"""

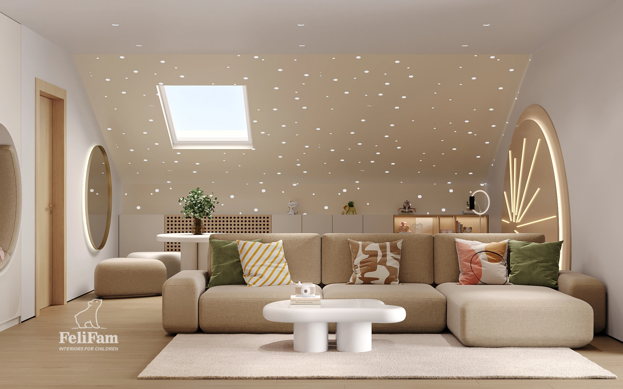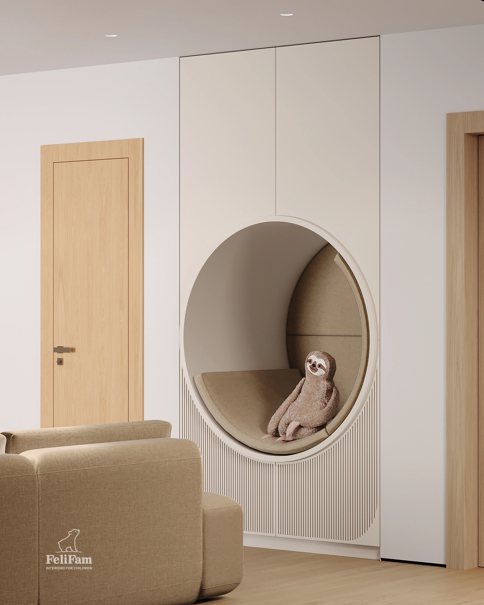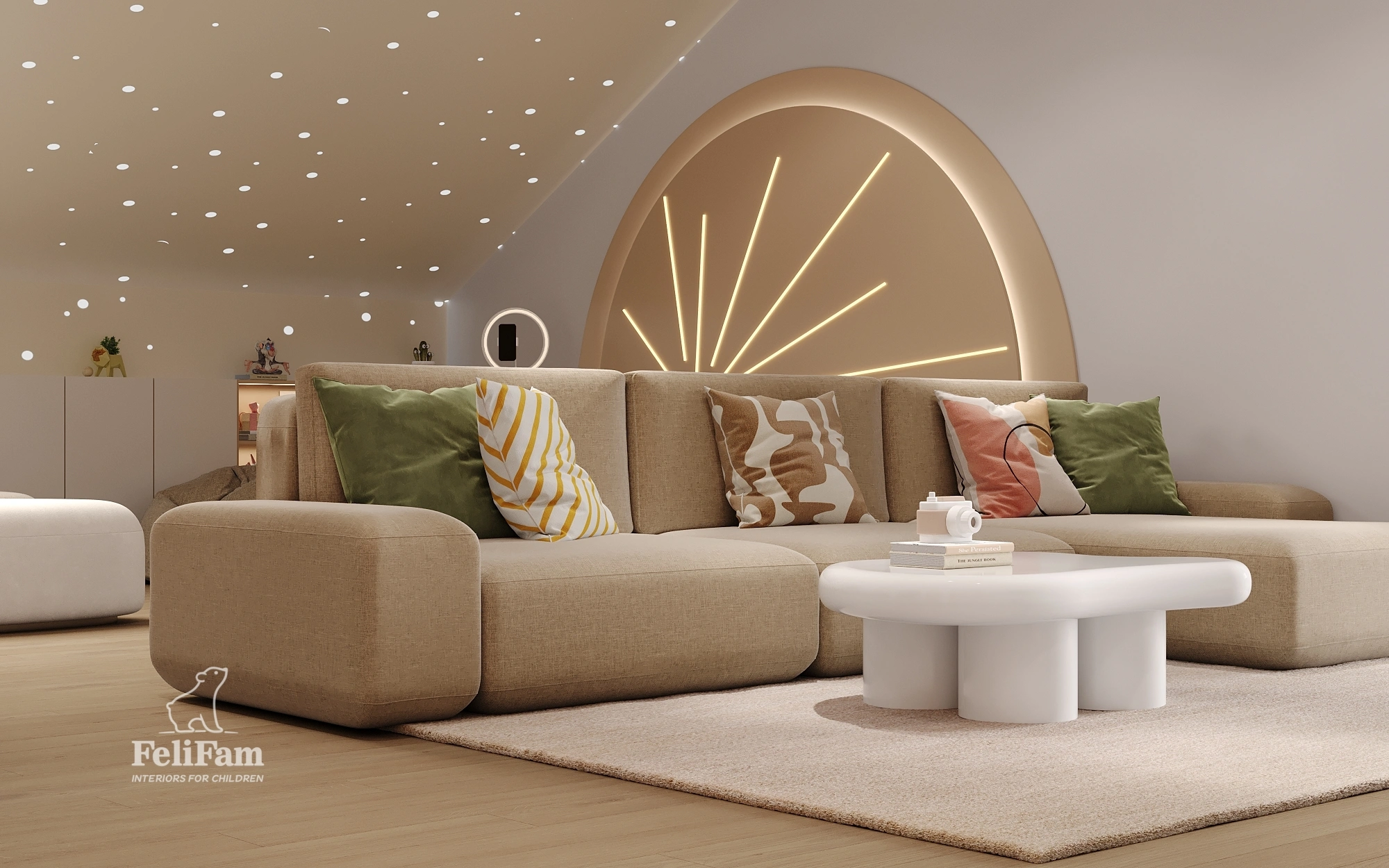 A standout feature of the project is an interactive photo zone that sparks children’s creativity and allows them to create lasting memories. The space is organized with functional zones, storage solutions, and flexibility, making it engaging, safe, and convenient for children of all ages.
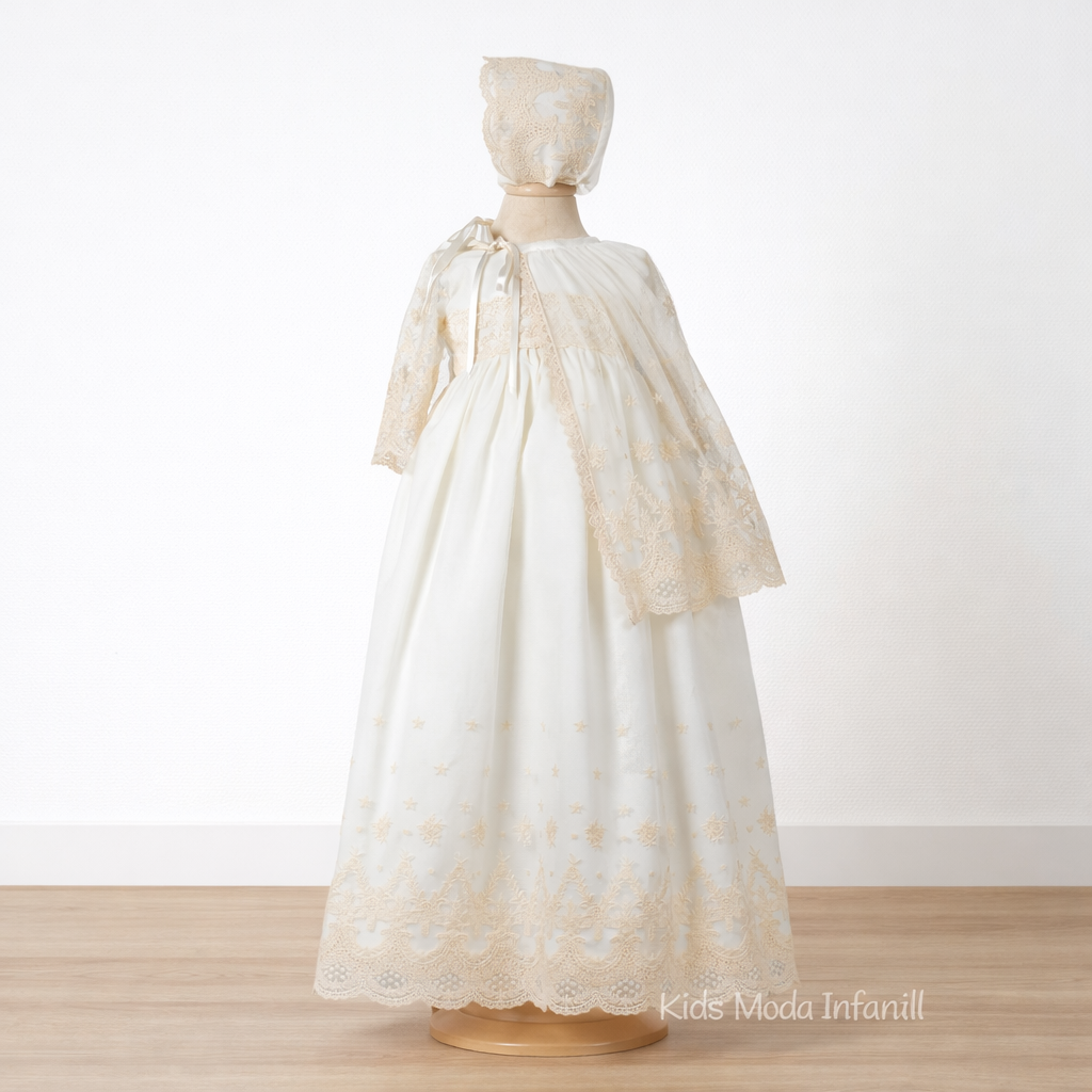 Faldón de Bautizo Bebé Alba Real con Capota | Kids Moda Infantil
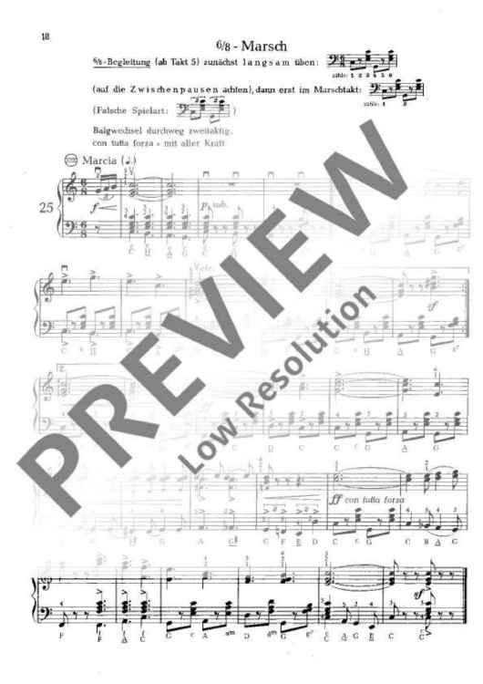 Unentbehrlich für jeden strebsamen Akkordeonisten: Klangvolle, ansprechende und dankbare Spezialübungen. Wertvolle Beiträge zur Förderung des melodisch-technischen Spiels, mit genauesten Fingersatz- und Registerangaben im Diskant und Bass. Als Beiheft zu jeder Akkordeonschule passend, als gesondertes Studienwerk verwendbar und für den Selbstunterricht geeignet.
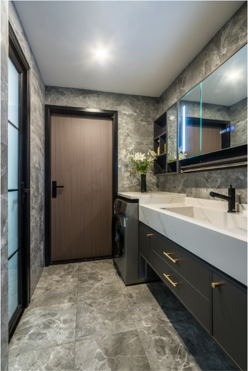 意式極簡的設計中,浴室也同樣追求極簡,但更加注重舒適和體驗感,設計師加入的智能馬桶、可調節淋浴花灑等智能家居設計,讓生活更貼心暖心。
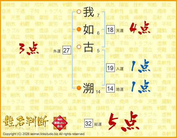 我如古溯さんの総運は32画の5点!
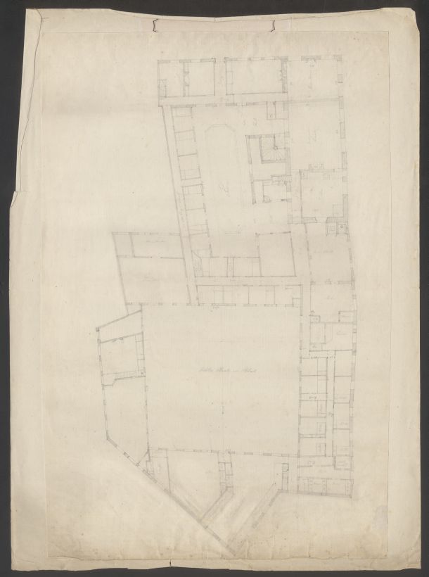 Plattegrond van de benedenverdieping van het Diakonie-armenhuis van de Hervormde Gemeente te Leeuwarden
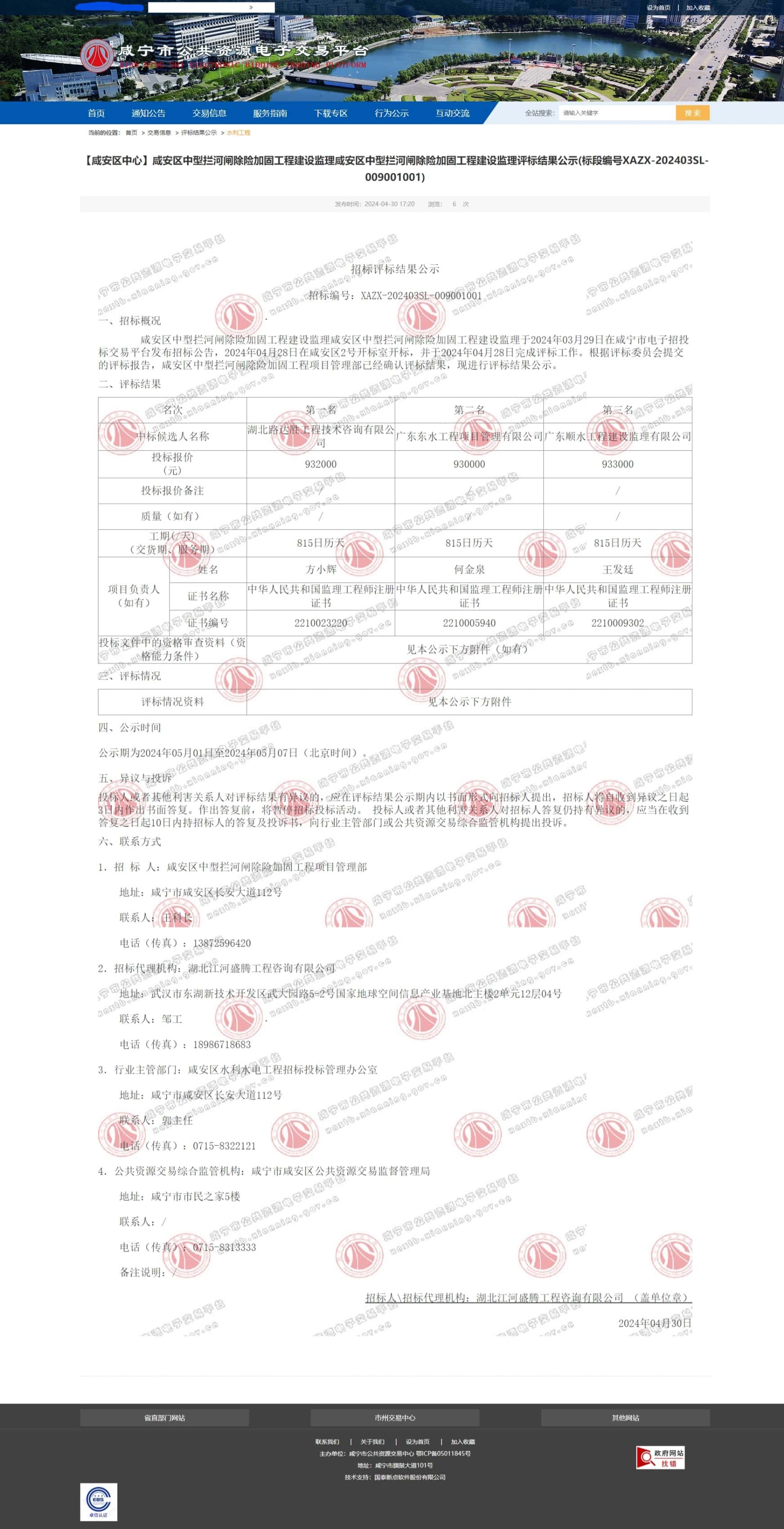咸安区中型拦河闸除险加固工程建设监理咸安区中型拦河闸除险加固工程建设监理于2024年03月29日在咸宁市电子招投标交易平台发布招标公告,2024年04月28日在咸安区2号开标室开标,并于2024年04月28日完成评标工作。根据评标委员会提交的评标报告,咸安区中型拦河闸除险加固工程项目管理部已经确认评标结果,现进行评标结果公示。
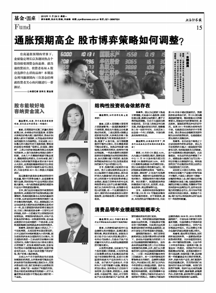 袁航:10月份CPI高达4.4%,大大超出市场预期;随后,国家信息中心11月19日发布报告预计四季度CPI涨幅将达到3.8%,全年CPI涨幅将会略超3%的调控目标。预计未来通胀仍将在高位运行。同时国家宏观调控政策在“保增长、防通胀、调结构”之间进行有选择性的取舍,周期性行业面临的机会相对较少,预期结构性行情仍将演绎。在此背景下,抗通胀板块将会持续受到市场关注,如医药、农业、食品饮料、商业零售等行业。
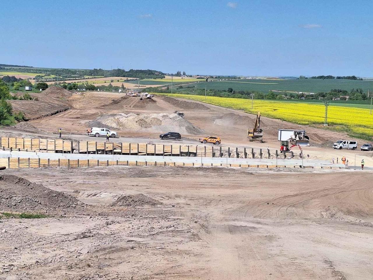 "V celé délce stavby probíhají nadále intenzivní zemní práce. Pracujeme nejen na přeložkách inženýrských sítí, ale i na skrývce ornice v místech, kudy přímo povede těleso dálnice s veškerým příslušenstvím. Největší posun je možné vidět na
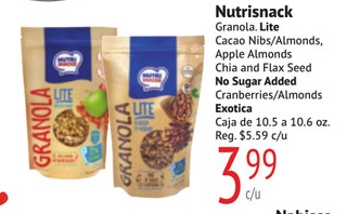Nutrisnack Granola. Lite Cacao Nibs/Almonds, Apple Almonds Chia and Flax Seed No Sugar Added Cranberries/Almonds Exotica Caja de 10.5 a 10.6 oz.
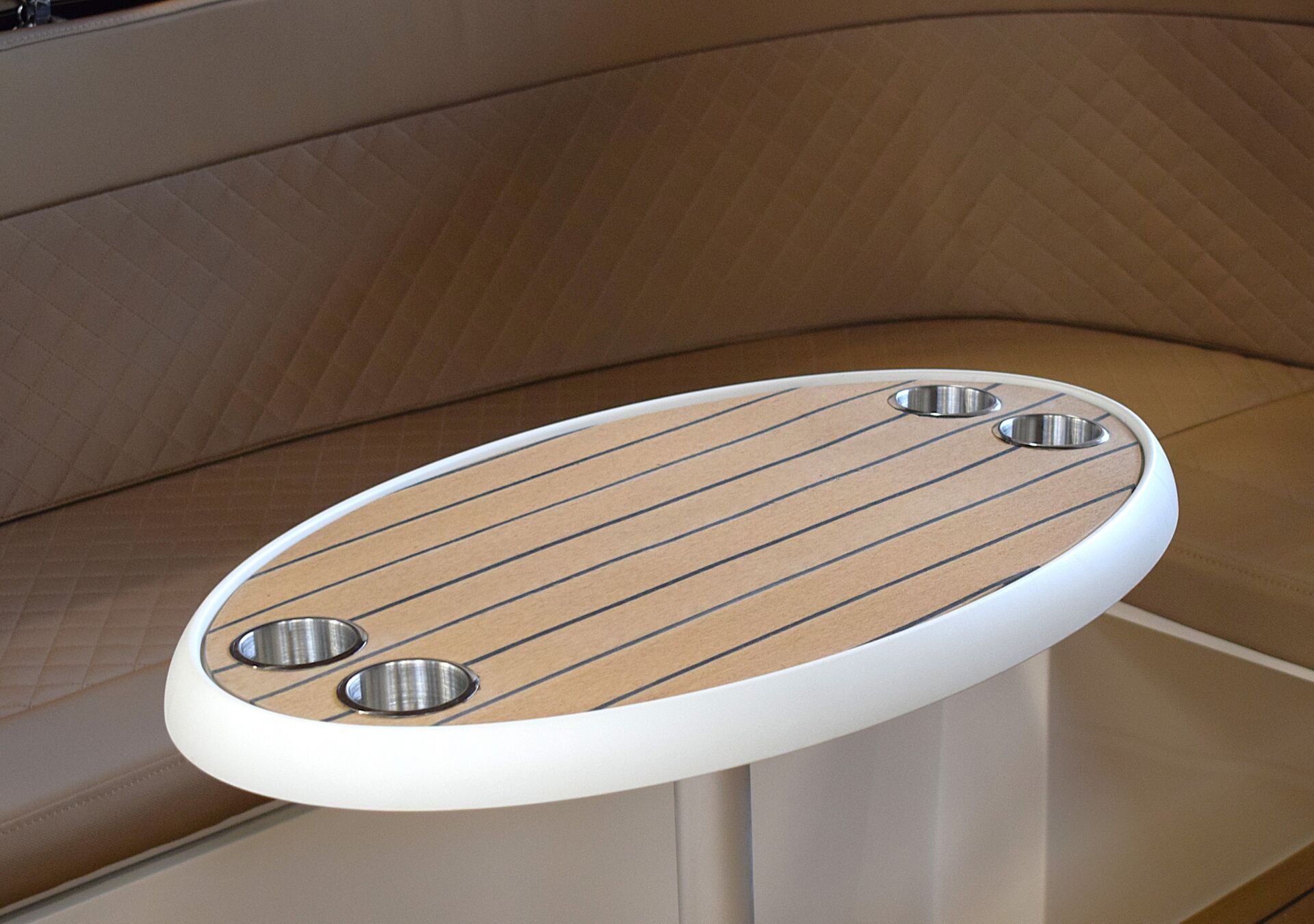 Motoren er elegant skjult, hvilket giver et roligt og stilrent udtryk samt en mere støjsvag sejlads
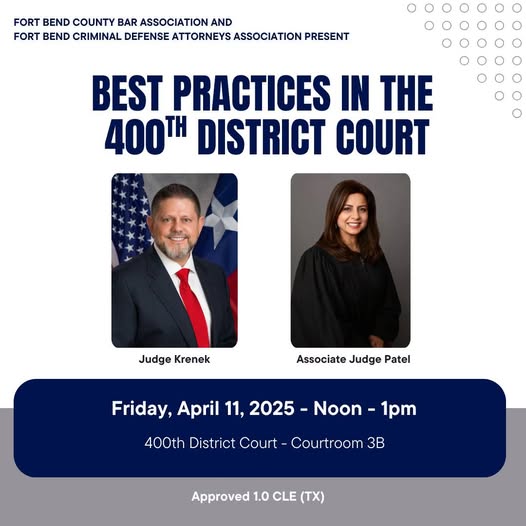 Fort Bend County Criminal Defense Attorneys Association - Home Upcoming events Follow Us FORT Bend County Criminal Defense Lawyers Association CONTACT US TheFort Bend County Criminal Defense Attorneys Association Inc. FBCCDAA is an association for criminal defense attorneys in Fort Bend County Texas. FBCCDAA is a stateoftheart organization providing assistance support and continuing education to its members. We are proud that our members and speakers are excellent practitioners of the criminal defense profession in Texas.
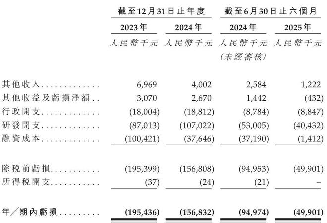 麦科奥特2023年、2024年其他收入分别为697万元、400万元;期内亏损分别为1.95亿、1.57亿元。麦科奥特2025年上半年营收为122万元,期内亏损为4990万元。
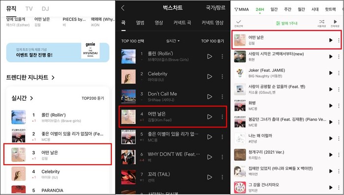 김필의 ‘어떤 날은’은 지난 3일 오후 6시 공개 직후 순위권에 진입했으며, 다음날 오후 2시 기준 지니뮤직 실시간 차트에서 3위를 기록했다. 벅스 실시간 차트에서도 4위에 올라 김필의 저력을 입증했다.
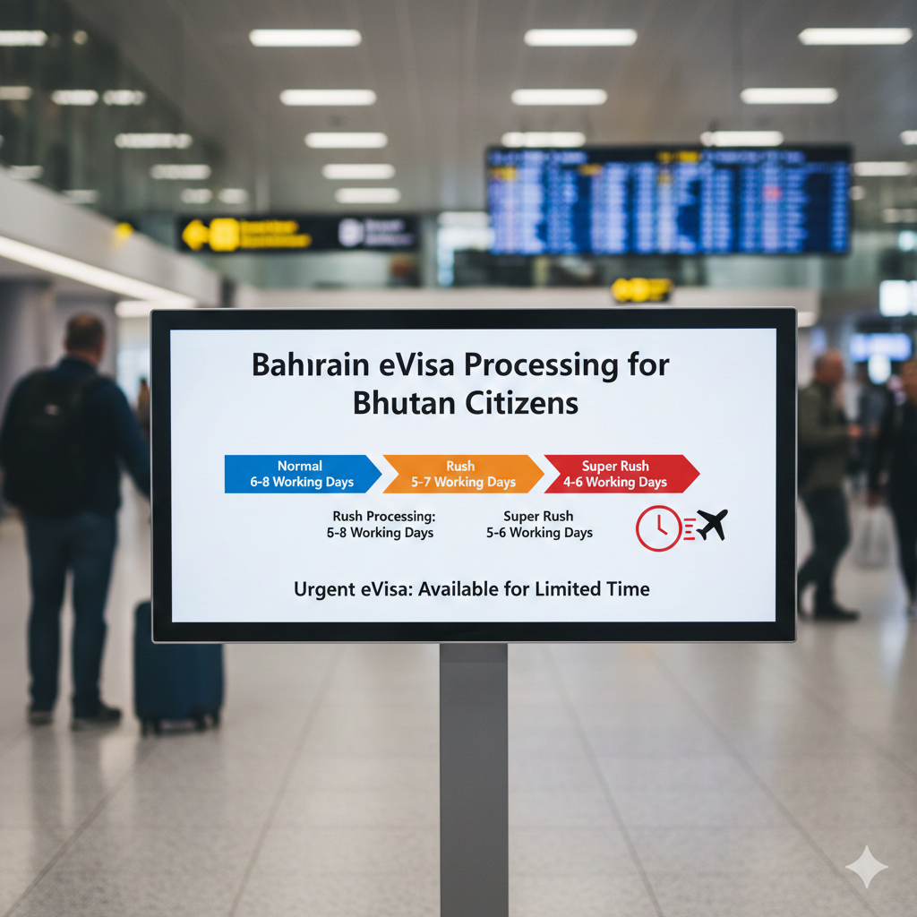 The average processing time of the Bahrain eVisa among Bhutan Citizens is 6-8 working days. There are however expedited options-
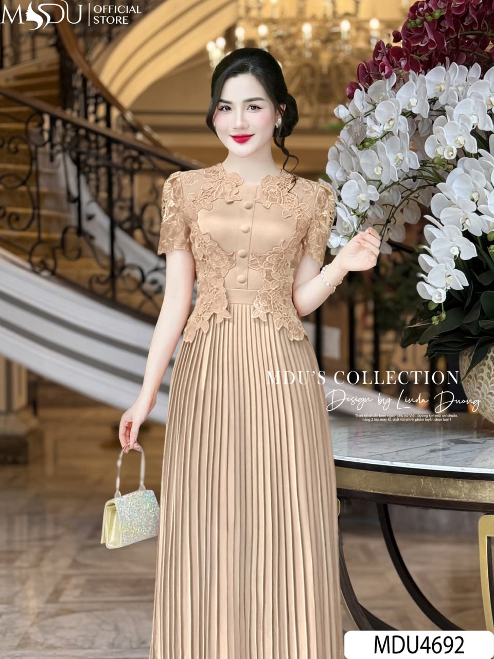 Thiết kế dáng xòe nhẹ kết hợp tay bồng duyên dáng tạo cảm giác mềm mại, uyển chuyển. Điểm nhấn đặc biệt nằm ở phần ren hoa hồng đan xen tinh xảo, khéo léo tôn lên nét nữ tính và thanh thoát. MDU4692 là lựa chọn lý tưởng cho nàng diện đi làm, dạo phố hay những dịp đặc biệt, với tính ứng dụng cao, không lỗi mốt.

"""

• YOUR ASSIGNMENT
Transcribe the records above exactly, skipping pictures.

• ANSWER TO THE EXERCISE
 A standout feature of the project is an interactive photo zone that sparks children’s creativity and allows them to create lasting memories. The space is organized with functional zones, storage solutions, and flexibility, making it engaging, safe, and convenient for children of all ages.
 Faldón de Bautizo Bebé Alba Real con Capota | Kids Moda Infantil
 Unentbehrlich für jeden strebsamen Akkordeonisten: Klangvolle, ansprechende und dankbare Spezialübungen. Wertvolle Beiträge zur Förderung des melodisch-technischen Spiels, mit genauesten Fingersatz- und Registerangaben im Diskant und Bass. Als Beiheft zu jeder Akkordeonschule passend, als gesondertes Studienwerk verwendbar und für den Selbstunterricht geeignet.
 意式極簡的設計中,浴室也同樣追求極簡,但更加注重舒適和體驗感,設計師加入的智能馬桶、可調節淋浴花灑等智能家居設計,讓生活更貼心暖心。
 我如古溯さんの総運は32画の5点!
 Plattegrond van de benedenverdieping van het Diakonie-armenhuis van de Hervormde Gemeente te Leeuwarden
咸安区中型拦河闸除险加固工程建设监理咸安区中型拦河闸除险加固工程建设监理于2024年03月29日在咸宁市电子招投标交易平台发布招标公告,2024年04月28日在咸安区2号开标室开标,并于2024年04月28日完成评标工作。根据评标委员会提交的评标报告,咸安区中型拦河闸除险加固工程项目管理部已经确认评标结果,现进行评标结果公示。
 袁航:10月份CPI高达4.4%,大大超出市场预期;随后,国家信息中心11月19日发布报告预计四季度CPI涨幅将达到3.8%,全年CPI涨幅将会略超3%的调控目标。预计未来通胀仍将在高位运行。同时国家宏观调控政策在“保增长、防通胀、调结构”之间进行有选择性的取舍,周期性行业面临的机会相对较少,预期结构性行情仍将演绎。在此背景下,抗通胀板块将会持续受到市场关注,如医药、农业、食品饮料、商业零售等行业。
 "V celé délce stavby probíhají nadále intenzivní zemní práce. Pracujeme nejen na přeložkách inženýrských sítí, ale i na skrývce ornice v místech, kudy přímo povede těleso dálnice s veškerým příslušenstvím. Největší posun je možné vidět na
Nutrisnack Granola. Lite Cacao Nibs/Almonds, Apple Almonds Chia and Flax Seed No Sugar Added Cranberries/Almonds Exotica Caja de 10.5 a 10.6 oz.
 Motoren er elegant skjult, hvilket giver et roligt og stilrent udtryk samt en mere støjsvag sejlads
 Fort Bend County Criminal Defense Attorneys Association - Home Upcoming events Follow Us FORT Bend County Criminal Defense Lawyers Association CONTACT US TheFort Bend County Criminal Defense Attorneys Association Inc. FBCCDAA is an association for criminal defense attorneys in Fort Bend County Texas. FBCCDAA is a stateoftheart organization providing assistance support and continuing education to its members. We are proud that our members and speakers are excellent practitioners of the criminal defense profession in Texas.
 麦科奥特2023年、2024年其他收入分别为697万元、400万元;期内亏损分别为1.95亿、1.57亿元。麦科奥特2025年上半年营收为122万元,期内亏损为4990万元。
 김필의 ‘어떤 날은’은 지난 3일 오후 6시 공개 직후 순위권에 진입했으며, 다음날 오후 2시 기준 지니뮤직 실시간 차트에서 3위를 기록했다. 벅스 실시간 차트에서도 4위에 올라 김필의 저력을 입증했다.
 The average processing time of the Bahrain eVisa among Bhutan Citizens is 6-8 working days. There are however expedited options-
 Thiết kế dáng xòe nhẹ kết hợp tay bồng duyên dáng tạo cảm giác mềm mại, uyển chuyển. Điểm nhấn đặc biệt nằm ở phần ren hoa hồng đan xen tinh xảo, khéo léo tôn lên nét nữ tính và thanh thoát. MDU4692 là lựa chọn lý tưởng cho nàng diện đi làm, dạo phố hay những dịp đặc biệt, với tính ứng dụng cao, không lỗi mốt.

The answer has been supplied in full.